Evolution and optimization of a brushless doubly‐fed machine with an asymmetrical reluctance and magductance rotor

Abstract

AbstractThe brushless doubly‐fed machine (BDFM) utilizes an asymmetric composite rotor featuring salient pole reluctance and magductance to effectively compensate for the phase shift in space, as well as enhance magnetic field modulation effects, and is therefore used as a modulator. This paper evaluates the modulation capability of the modulator from the perspective of the magnetic field conversion mechanism. The theoretical evolutions of the average magnetic field conversion factors and torque contributions of various airgap field harmonics are accomplished. Additionally, multi‐objective optimization is conducted for better performance, using stratified sensitivity analysis on typical 4/2 pole pair BDFMs featuring symmetrical and asymmetric composite rotors.
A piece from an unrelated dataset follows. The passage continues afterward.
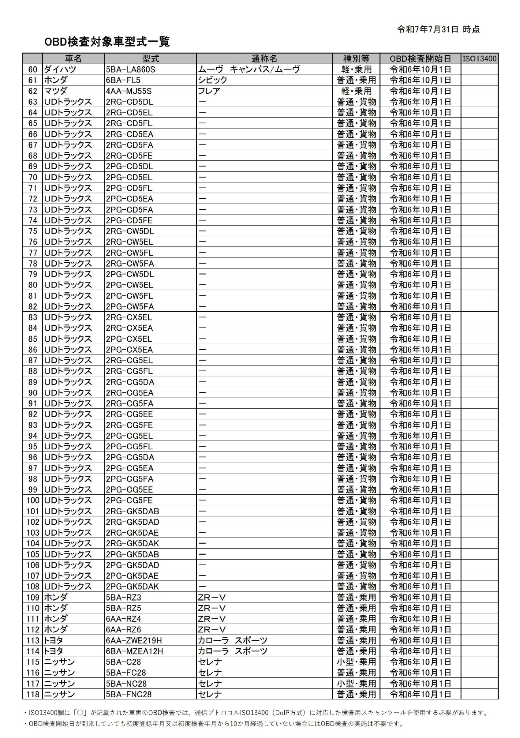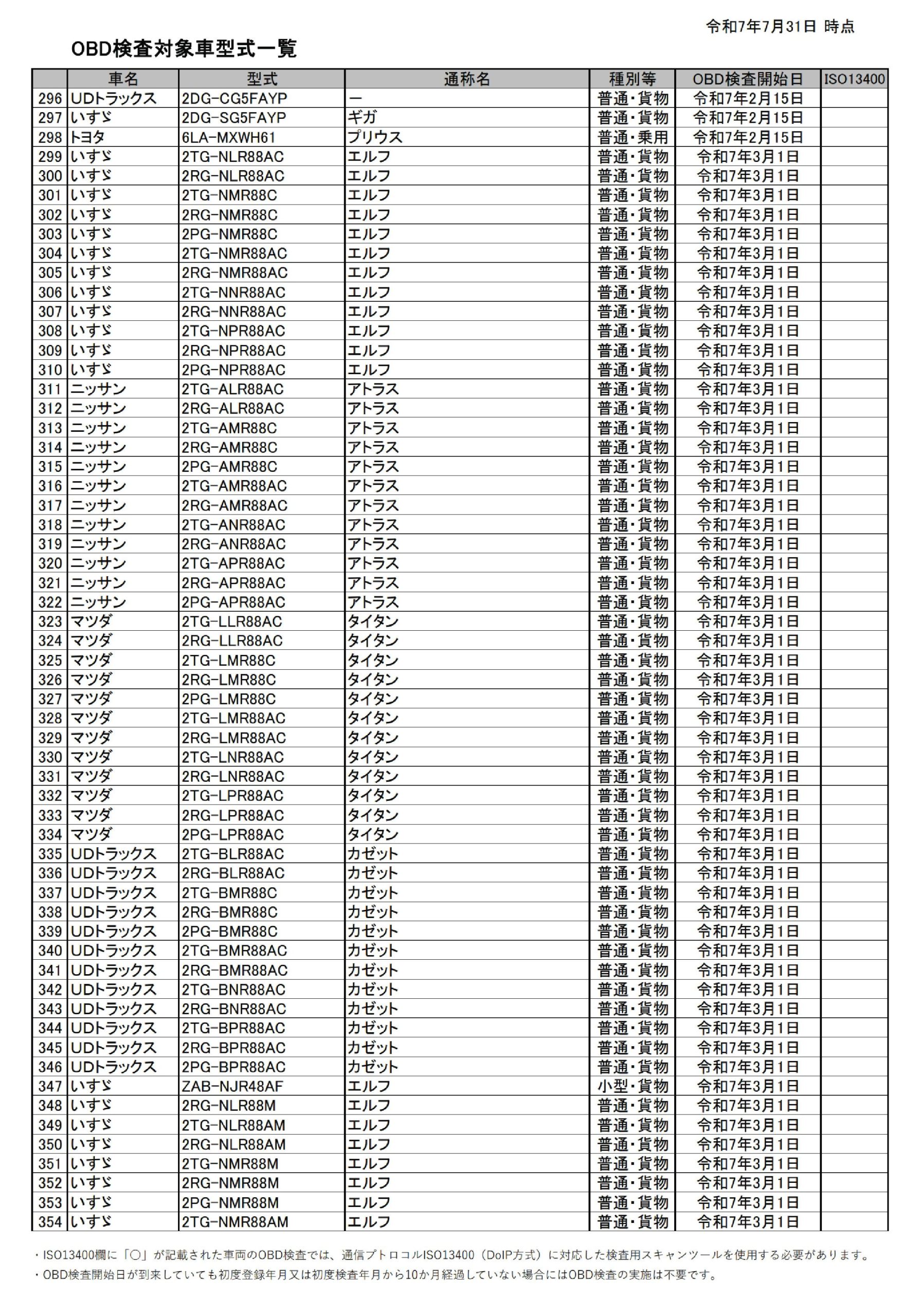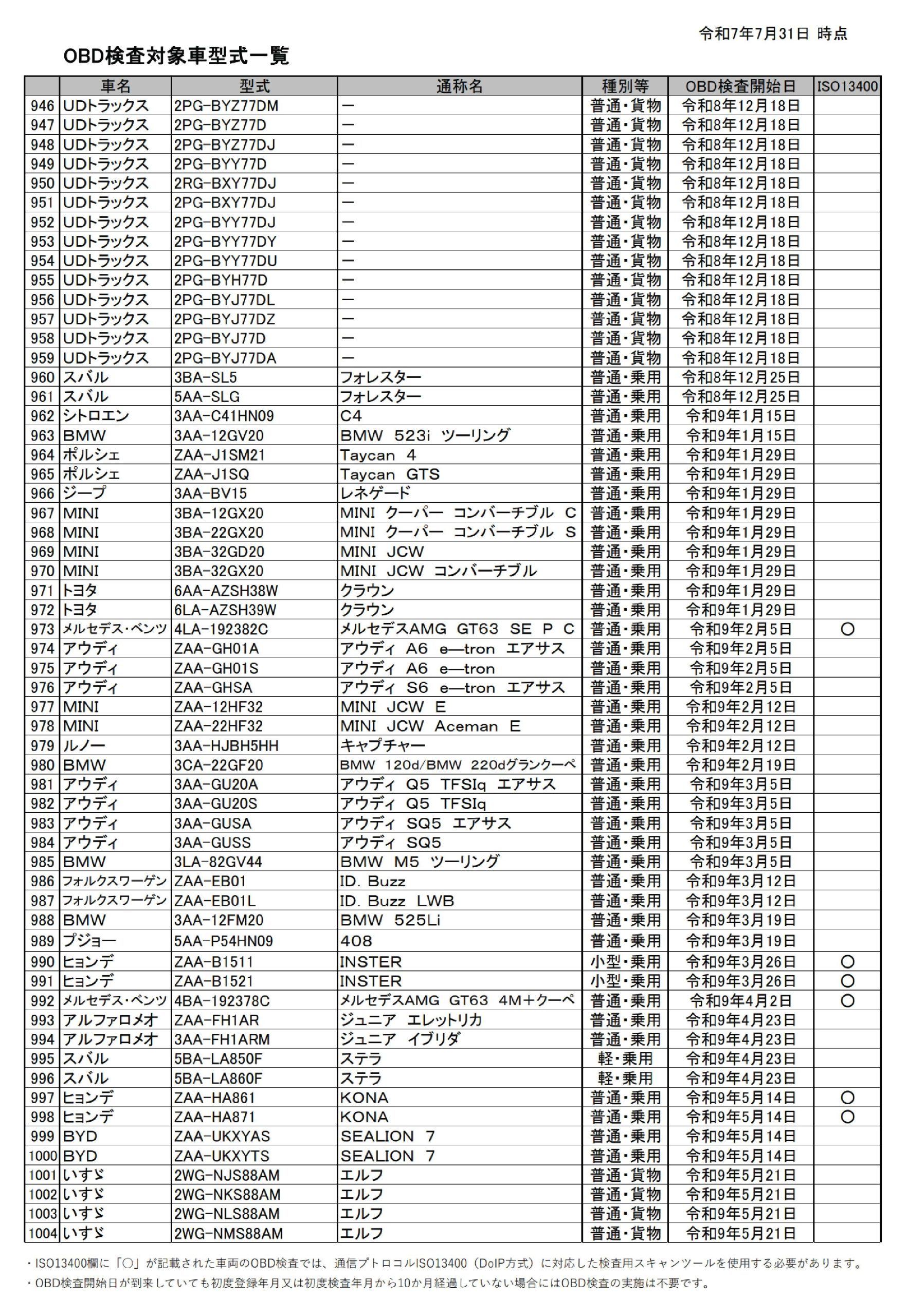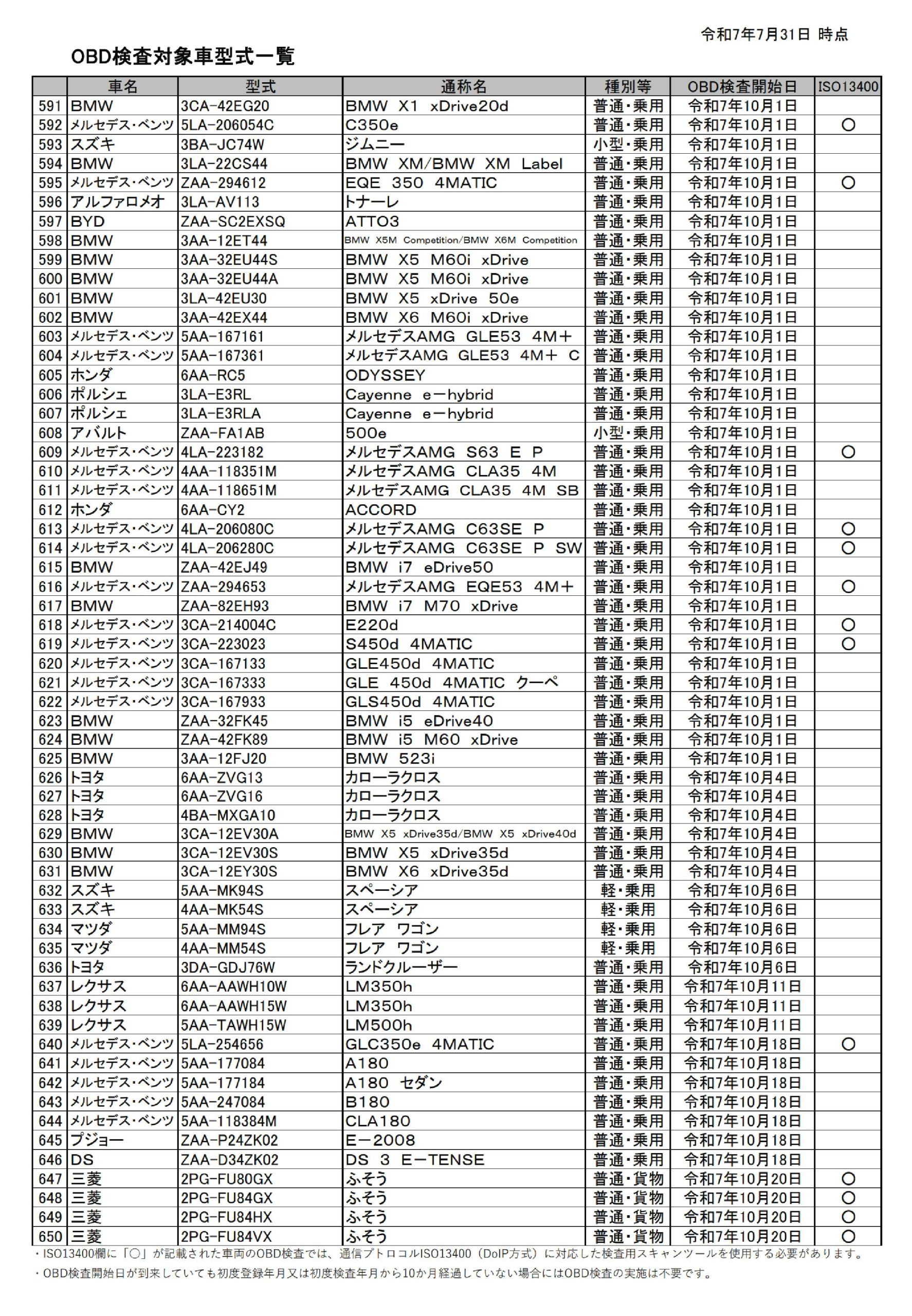 〈OBD検査〉対象車種の型式一覧(2025/7/31現在)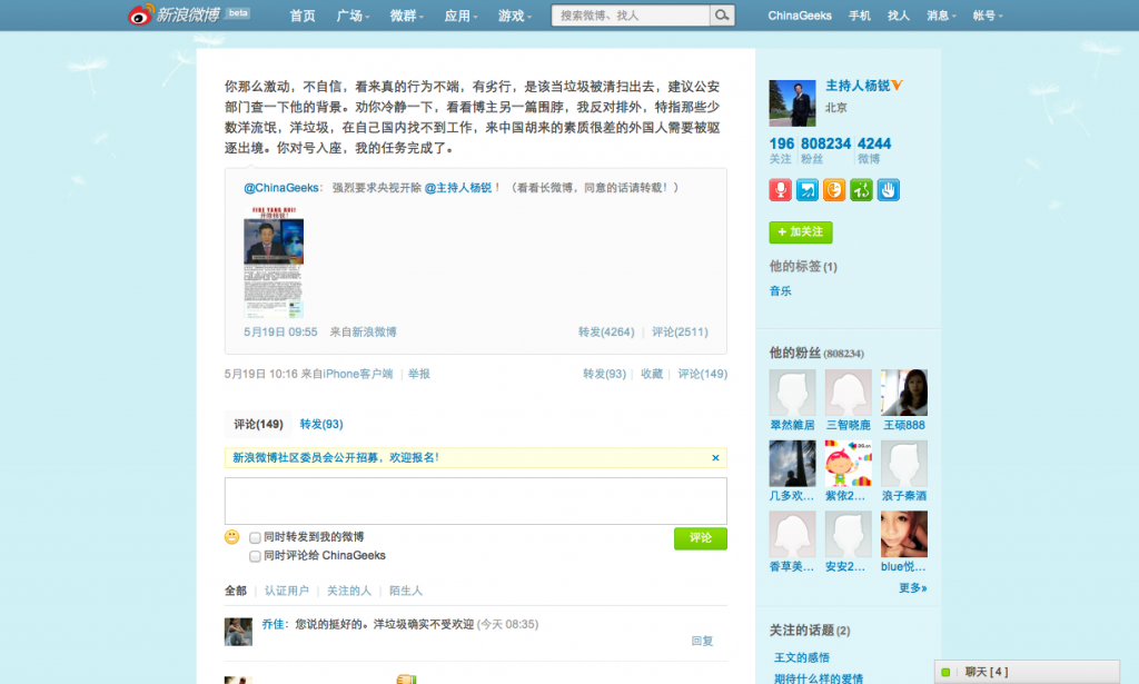 Shortly after writing my initial post, I was contacted by several other foreign bloggers in China about a campaign to draw attention to Yang Rui’s comments. We settled on calling for him to be fired, not because we thought it would actually happen, but because it would put some heat on him and possibly even his employers, and maybe cause someone up there to think for a second about the repercussions of extreme rhetoric like this. I happened to be the first person to post one of our messages on Sina Weibo, and although I expected that to go nowhere — I had barely 300 followers, and most of them were probably zombies3– Yang Rui himself picked up on my post more or less immediately, and retweeted it to his 800,000+ followers.

As a result, further improved modulation of the air gap magnetic field is expected, the cross‐coupling efficiency of the rotor is improved, and a lower output torque ripple is also achieved compared to the conventional symmetrical counterpart. Theoretical investigation of the optimized BDFM, including its effectiveness in enhancing performance metrics such as coupling factor, airgap flux density, and phase shift mechanism, is verified through 2D finite element analysis. Furthermore, a proof‐of‐concept prototype for experimentation was manufactured, which achieved good agreement with the theoretical predictions.